Том 2. Русь - Евгений Замятин
Шрифт:
Интервал:
Закладка:
В тот момент, когда я ощутил ангела-хранителя у себя за спиной, я наслаждался сонетом, озаглавленным «Счастье». Думаю — не ошибусь, если скажу, что это редкая по красоте и глубине мысли вещь. Вот первые четыре строчки:
Вечно влюбленные дважды два,Вечно слитые в страстном четыре,Самые жаркие любовники в мире —Неотрывающиеся дважды два…
И дальше все об этом: о мудром, вечном счастье таблицы умножения.
Всякий подлинный поэт — непременно Колумб. Америка и до Колумба существовала века, но только Колумб сумел отыскать ее. Таблица умножения и до R-13 существовала века, но только R-13 сумел в девственной чаще цифр найти новое Эльдорадо. В самом деле: есть ли где счастье мудрее, безоблачнее, чем в этом чудесном мире. Сталь — ржавеет; древний Бог — создал древнего, т. е. способного ошибаться человека — и, следовательно, сам ошибся. Таблица умножения мудрее, абсолютнее древнего Бога: она никогда — понимаете: никогда — не ошибается. И нет счастливее цифр, живущих по стройным вечным законам таблицы умножения. Ни колебаний, ни заблуждений. Истина — одна, и истинный путь — один; и эта истина — дважды два, и этот истинный путь — четыре. И разве не абсурдом было бы, если бы эти счастливо, идеально перемноженные двойки — стали думать о какой-то свободе, т. е. ясно — об ошибке? Для меня — аксиома, что R-13 сумел схватить самое основное, самое…
Тут я опять почувствовал — сперва на своем затылке, потом на левом ухе — теплое, нежное дуновение ангела-хранителя.
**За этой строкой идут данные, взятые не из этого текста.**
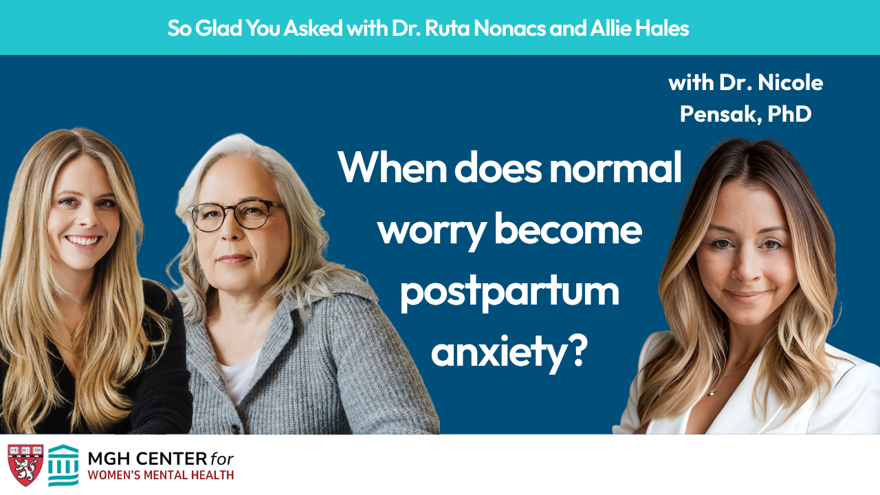 So Glad You Asked with Dr. Ruta Nonacs is our new podcast, offering expert insights on the latest research and pressing questions in reproductive mental health. Join Dr. Nonacs and co-host Allie Hales as they explore topics that matter to patients and clinicians alike, translating science into practical guidance for the most important questions in maternal mental health.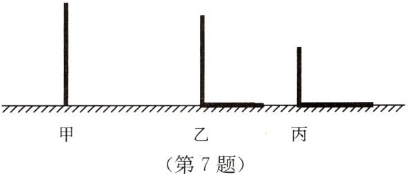 7. 有三根垂直地面放置的木杆甲、乙、丙,在路灯下乙、丙的影子如图,试确定路灯灯泡的位置,再作出甲的影子.(不写作法,保留作图痕迹)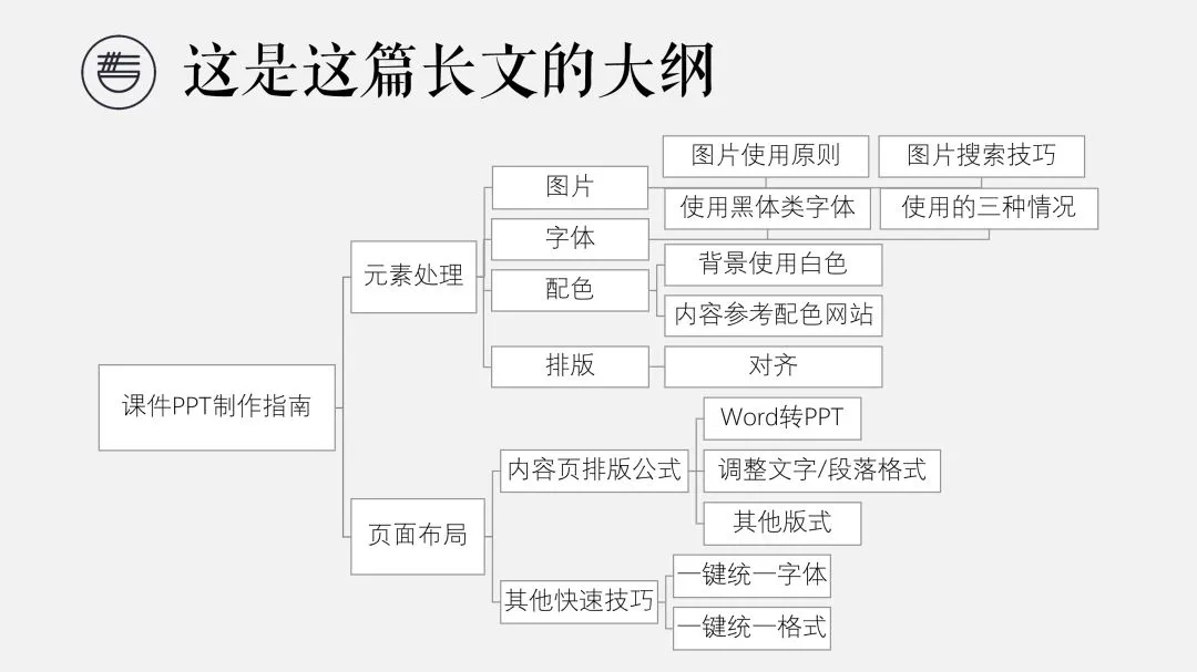 以上就是三顿要给大家分享的全部内容了,关于课件PPT的制作,这可能是目前最实用的一份指南了。放上内容大纲,一起再回顾一下吧:

Он явно приметил, что книга на коленях у меня — уже закрыта и мысли мои — далеко. Что ж, я хоть сейчас готов развернуть перед ним страницы своего мозга: это такое спокойное, отрадное чувство. Помню: я даже оглянулся, я настойчиво, просительно посмотрел ему в глаза, но он не понял — или не захотел понять — он ни о чем меня не спросил… Мне остается одно: все рассказывать вам, неведомые мои читатели (сейчас вы для меня так же дороги, и близки, и недосягаемы — как был он в тот момент).
Вот был мой путь: от части к целому; часть — R-13, величественное целое — наш Институт Государственных Поэтов и Писателей. Я думал: как могло случиться, что древним не бросалась в глаза вся нелепость их литературы и поэзии. Огромнейшая великолепная сила художественного слова — тратилась совершенно зря. Просто смешно: всякий писал — о чем ему вздумается. Так же смешно и нелепо, как то, что море у древних круглые сутки тупо билось о берег, и заключенные в волнах силлионы килограммометров — уходили только на подогревание чувств у влюбленных. Мы из влюбленного шепота волн — добыли электричество, из брызжущего бешеной пеной зверя — мы сделали домашнее животное: и точно так же у нас приручена и оседлана когда-то дикая стихия поэзии. Теперь поэзия — уже не беспардонный соловьиный свист: поэзия — государственная служба, поэзия — полезность.
Наши знаменитые «Математические Нонны»: без них — разве могли бы мы в школе так искренне и нежно полюбить четыре правила арифметики? А «Шипы» — это классический образ: Хранители — шипы на розе, охраняющие нежный Государственный Цветок от грубых касаний… Чье каменное сердце останется равнодушным при виде невинных детских уст, лепечущих как молитву: «Злой мальчик розу хвать рукой. Но шип стальной кольнул иглой, шалун — ой, ой — бежит домой» и так далее? А «Ежедневные оды Благодетелю»? Кто, прочитав их, не склонится набожно перед самоотверженным трудом этого Нумера из Нумеров? А жуткие красные «Цветы Судебных приговоров»? А бессмертная трагедия «Опоздавший на работу»? А настольная книга «Стансов о половой гигиене»?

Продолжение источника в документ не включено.